I headed for the door. "If you don’t have any information about Louis Benedict, then I’m leaving."
"I believe that your patient was killed by over-zealous fans of the late Babe Ruth, who feared that Benedict’s pituitary tumor might have been an inherited disorder," Mycroft called.
That stopped me in my tracks. "What on earth makes you think that?"
"I investigated Ruth’s medical record. It is all public knowledge. He died of a nasopharyngeal carcinoma in middle age. Such tumors are typically diseases of children, which made me wonder if there was a mistake in the diagnosis. By the time his tumor was found, it was so advanced that it has destroyed many of the soft structures of the head and neck, making it impossible to determine its exact origin. What if did not originate in the nose at all? What if the tumor that strangled Babe Ruth started in the pituitary gland?"
I sat back down and considered what he had said. "It’s true that occasionally an advanced pituitary tumor breaks through the sinus and gets confused with a nasal tumor, but so what if it was?

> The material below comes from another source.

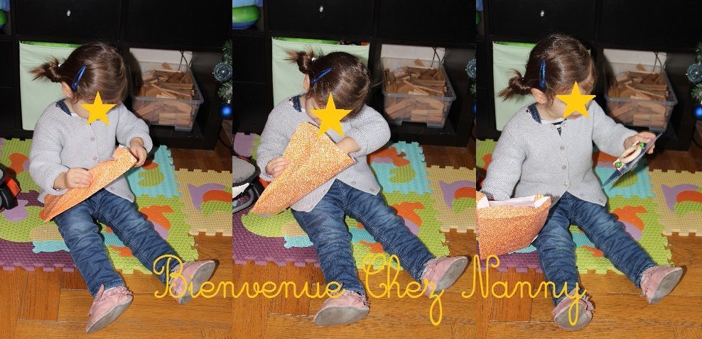Lou ne se pose pas de question et ouvre les cadeaux. Elle prononce des "ho" puis "Nanny, peut ouvrir !" Bon je crois que ça lui plait.
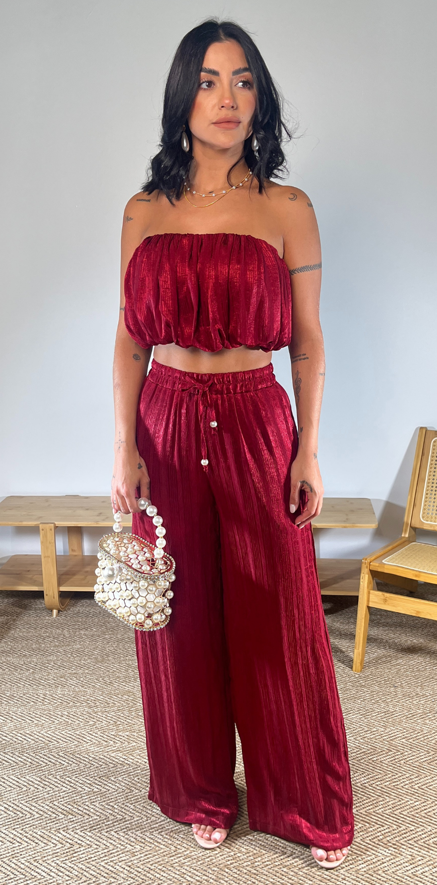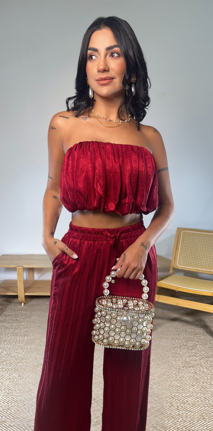Burgundy Crop Blouse.

Why would that affect Ruth’s legacy?"
"Pituitary tumors secrete hormones. Growth hormone most notably. Babe Ruth had remarkable strength and a remarkably long career. Could his athletic prowess have been boosted by an occult pituitary tumor that was secreting natural growth hormone?"
I considered this theory. "There’s just one problem. Ruth’s tumor eventually became massive. Well before that happened, it would have interfered with his eyesight, the way it did with Benedict. He would have developed double vision."

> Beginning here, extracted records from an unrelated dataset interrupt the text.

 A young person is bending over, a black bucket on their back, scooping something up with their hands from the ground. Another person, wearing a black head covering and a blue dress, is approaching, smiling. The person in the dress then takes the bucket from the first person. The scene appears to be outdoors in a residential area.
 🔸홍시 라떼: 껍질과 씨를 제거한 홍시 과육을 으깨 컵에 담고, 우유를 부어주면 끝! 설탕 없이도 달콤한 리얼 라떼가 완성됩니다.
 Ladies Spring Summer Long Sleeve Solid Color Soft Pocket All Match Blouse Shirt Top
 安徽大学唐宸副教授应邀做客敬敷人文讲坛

Mycroft’s very lifelike android gave a very smug smile. "I thought of that. Babe Ruth suffered from amblyopia since childhood. With a lazy eye, he would have been impervious to the symptoms of optic nerve compression that a pituitary tumor might cause. Have you ever looked at photos of Ruth?"
"Sure. He was fat."
"More than fat. He looked cushingoid. And his features coarsened with age. The effect of too much alcohol, tobacco and a bad diet, perhaps. Or maybe, the effect of a long standing mixed endocrine disorder. I am not saying that I believe that this is true. I am fairly certain that there is no way that anyone will ever be able to prove that Ruth had such a disorder after all this time, unless we find a secret stash of his serum in a freezer somewhere. However, when the clone who most resembles him develops a pituitary tumor that secretes growth hormone, it is easy to see how fans loyal to the memory of Babe Ruth might become over protective.

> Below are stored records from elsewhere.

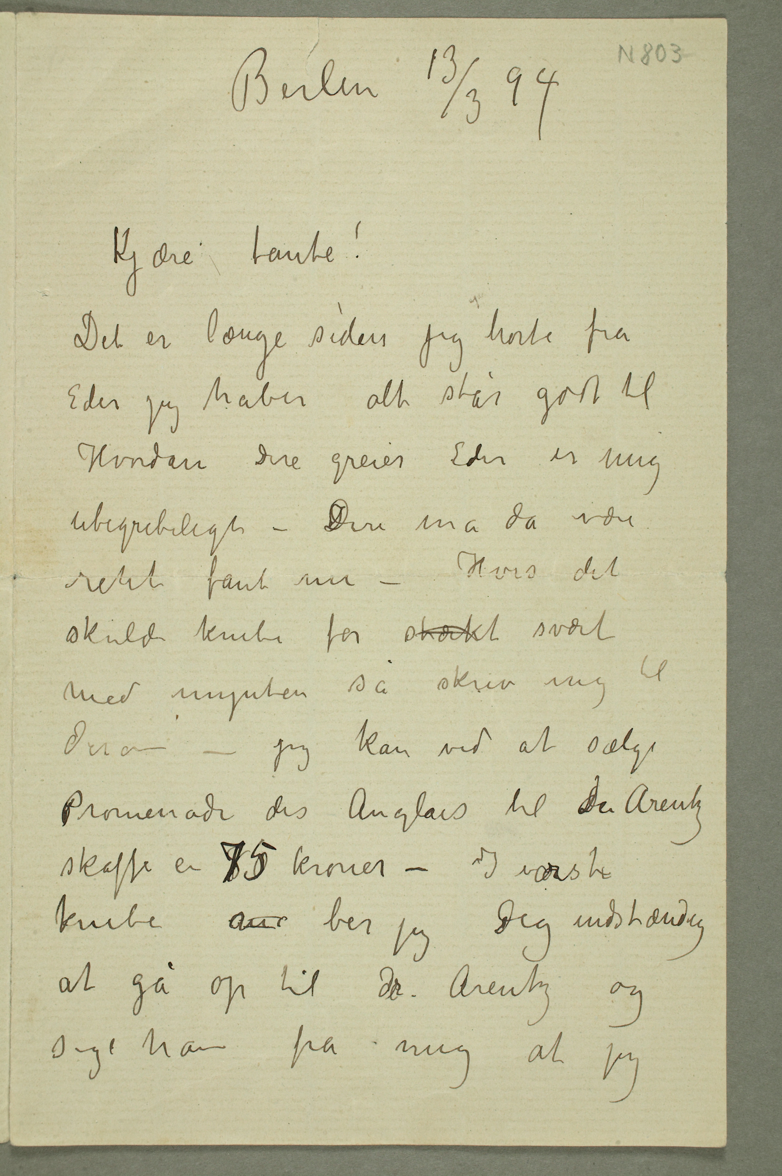 MM N 803, Munchmuseet. Datert 13.3.1894. Brev til Karen Bjølstad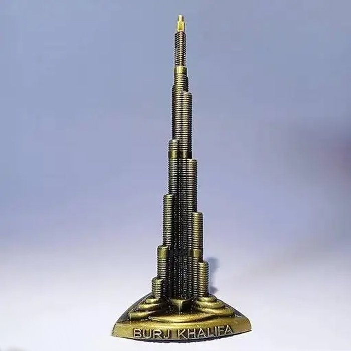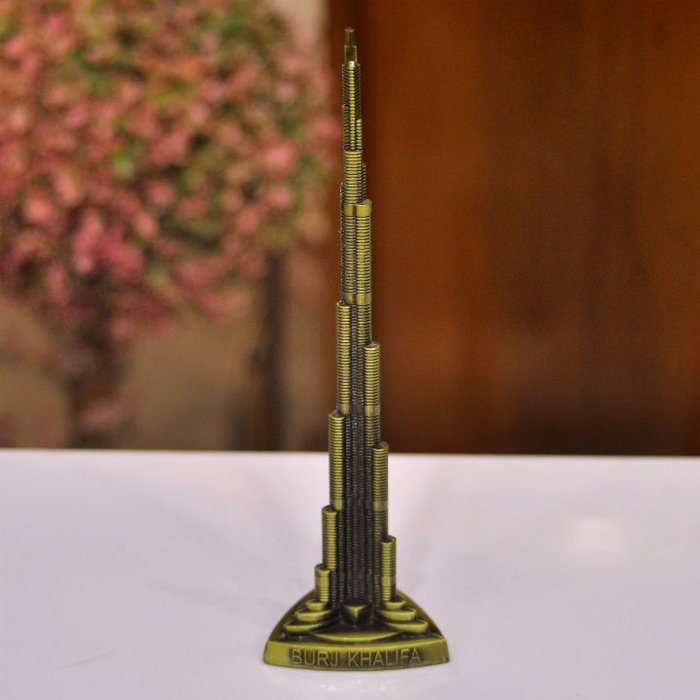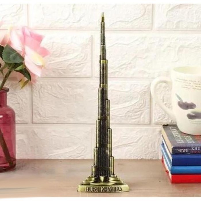 - Elevate your home or office decor with this exquisite small statue of the Burj Khalifa, the tallest building in the world and a symbol of architectural brilliance. Crafted with meticulous attention to detail, this stunning replica captures the iconic silhouette of the Burj Khalifa, showcasing its sleek lines and impressive height.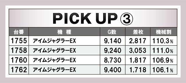 今回の結果をさらに細かく分析するピックアップのコーナー。今回は3か所となっているが、さきほどもご紹介した番長とハナハナをさらに拡大してプラス差枚数となっている台が並んでいる。どの台がどれくらい出ていたのか。機械割を含めてさきほどよりもより詳細に記載してあるので、しっかりとチェックしておこう。なお、『アイムジャグラーEX』のプラス差枚数台はご覧の通りとなっている。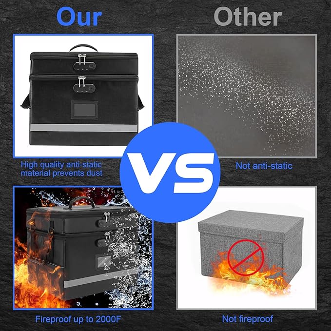 - HIGH QUALITY FIREPROOF FILING BOX: Made of double-layered non-itchy silicone coated fiberglass, EXLIFBAG file organizer is fireproof and waterproof to protect your document at most in bad condition like fire, flood and wet weather. The design of High-quality 2 way zipper provides great convenience when using. The non-slip pad on the bottom makes the document box more durable and stable.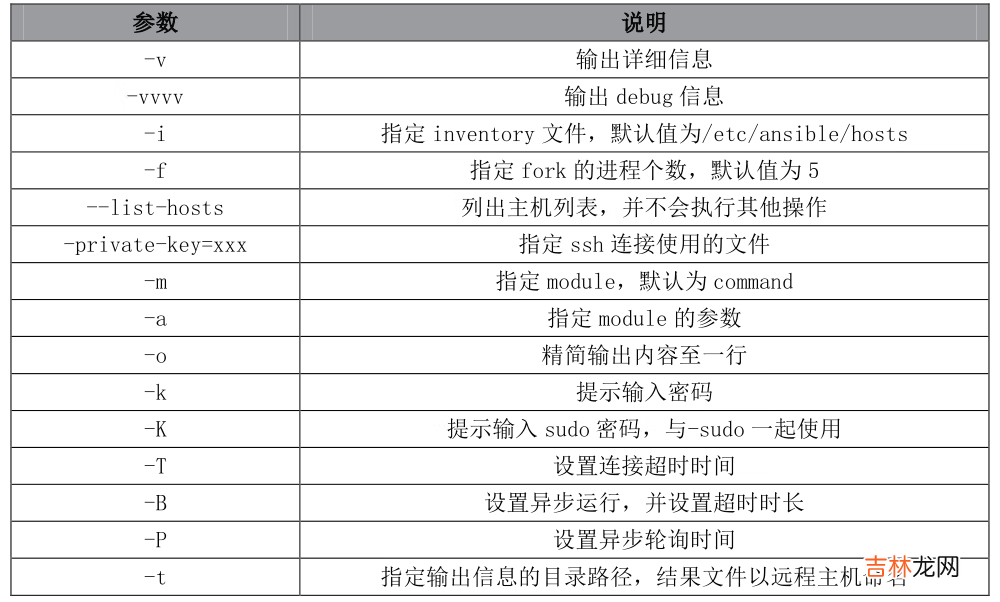 Ansible 命令讲解Ansible 命令集# 以下所有命令均可使用`-h`参数获取帮助信息ansible# Define and run a single task 'playbook' against a set of hosts# 常用命令ansible-config# View ansible configuration.ansible-console# REPL console for executing Ansible tasks.# 交互式工具,相当linux中的shell,不常用ansible-doc# plugin documentation tool# 查询模块的文档说明,类似linux中的man,常用命令ansible-galaxy# Perform various Role and Collection related operations.ansible-inventory# Show Ansible inventory information, by default it uses the inventory script JSON formatansible-playbook# Runs Ansible playbooks, executing the defined tasks on the targeted hosts.# 执行系列任务,类似linux中的sh,常用命令ansible-pull# pulls playbooks from a VCS repo and executes them for the local hostansible-vault# encryption/decryption utility for Ansible data filesAnsible 常用命令集# 常用命令集ansible# Ansible指令的核心部分,主要用于执行ad-hoc命令,也就是单条命令# 默认使用command模块,默认的使用模块可以在ansible.cfg中进行定义ansible-doc# 用于查看模块信息,# 参数 -l 列出可用的插件# 参数 -s 用于查看指定模块的用法,例如“ansible-doc -s shell”ansible-playbook# 读取playbook文件内容并执行定义的任务# 对于固化的需求通常采用playbook方式定义和实现ansible-vault# 主要应用于包含敏感信息的场景,可以加密和解密敏感信息# 经过加密后的playbook,编辑时需要输入事先设定的密码才能打开# 使用 --ask-vault-pass 参数执行加密后的playbook文件ansible-config# 查看ansible的配置# 参数 list 打印所有配置参数,参数 view 查看配置文件# 结合 grep 使用可以获取具体配置信息,例如“ansible-config view |grep -v "#" |grep host_key_checking”Ansible ad-hoc命令# ansible <host-pattern> [-f forks] [-m module_name] [-a args]# <host-pattern>命令生效的主机: <inventory_group_name>/<inventory_host_ip>/all # 常用选项通过 ansible -h 命令获取详细信息-v# 输出详细执行过程信息verbose mode (-vvv for more, -vvvv to enable connection debugging)-i inventory_file# 指定inventory文件,默认为/etc/ansible/hosts-f forks# 指定并发线程数(一次处理多少个主机),默认5个线程-m module_name# 指定执行使用的模块-M directory# 指定模块存放路径,默认为/usr/share/ansible-a args# 指定模块参数-l hosts_ip# 限定主机(只在限定主机上执行任务)--become-method BECOME_METHOD# 提权方法,默认为sudo,一般为su--become-user BECOME_USER# 切换用户,默认为root-K, --ask-become-pass# 请求提权密码--list-hosts# 列出此次的主机列表,但不做任何改变--syntax-check# 语法检查-C, --check# 检验可能的错误,但不做任何改变# 主机名文件保留- "-t"或"--tree"选项可以将ansible的执行结果按主机名保存在指定目录下的文件中- 使用"-t"选项可以将第一次执行的结果按主机名保存在文件中,此后即使不使用"-t"选项也能提升执行速度# 命令示例ansible 192.168.56.3 -a 'hostname'# 默认使用command模块(不支持变量、管道等)ansible 192.168.56.3 -m command -a 'hostname'ansible Test --list# 列出Test组所有的主机列表ansible Test:Test2 -m ping# 通过ping模块检查Test组和Test2组的主机是否存活ansible Test:!Test2 -m ping# 在Test组但不在Test2组的主机ansible Test:&Test2 -m ping# 同时存在Test组和Test2组的主机ansible Tes* -m ping# 组名开头为Tes的主机ansible all -m shell -a 'hostname && date'# 通过shell模块在所有主机试行shell命令ansible all -f 10 -m shell -a 'hostname && date;cat /etc/system-release'# shell模块支持变量、管道、if判断等复杂命令部分参数如果不指定,将采用ansible.cfg中的设置值,或者采用原始默认值 。

"Think of all the controversy over the years about players who have used various hormones to augment their performance, batters who were denied admission to the Hall of Fame for using androgenic steroids or growth hormone. If Ruth’s achievement was due to doping -- even unintentional doping from a tumor -- what would that say about the whole notion of ‘natural’ athletics?
"You must have encountered prejudice growing up with an artificial brain, Susan. As we learn to improve on nature -- even when it is in the name of ending suffering and fighting disease -- there are those who will object. Sometimes they object very loudly."
I did not like the direction the conversation was heading. "Ok, you’ve given me a ‘why’. Maybe Benedict told some of his old teammates about the pituitary tumor. Maybe he said that he was going to be coming back, and word spread. Some crazed baseball fans heard about it, and they decided to steal the evidence -- his head -- to protect the Babe’s legend. I’m not sure that I completely buy it, but I guess it makes sense as much as cold-blooded murder can ever make sense. Now how about ‘who’? Can you tell me who killed Louis Benedict?"
"Not yet. But soon."
"When? I’m getting kind of nervous, knowing those lunatics are still out there. They went to a lot of trouble to scrub Benedict’s records from the hospital. I’m the next logical target."
"What are you doing Saturday?"
"Saturday? I was planning to redo some cabinets, but I guess it can wait."
"Good. On Saturday, I want you to visit Babe Ruth’s grave."
####
There are several ways that my synthetic cerebral cortex differs from the normal human brain. I seldom sleep. This was a benefit to my medical school career. When my colleagues were bleary eyed from nights on call, I was able to function much as normal. A wide variety of centrally acting substances, ranging from caffeine to hallucinogens, have no effect on me. Theoretically, hypoxia and hypoglycemia can not damage my silicon-based cerebral cortex. On the other hand, I have to visit a specialist twice a month for an infusion of electrolytes to maintain the osmotic gradient inside my skull that keeps my circuitry in working order.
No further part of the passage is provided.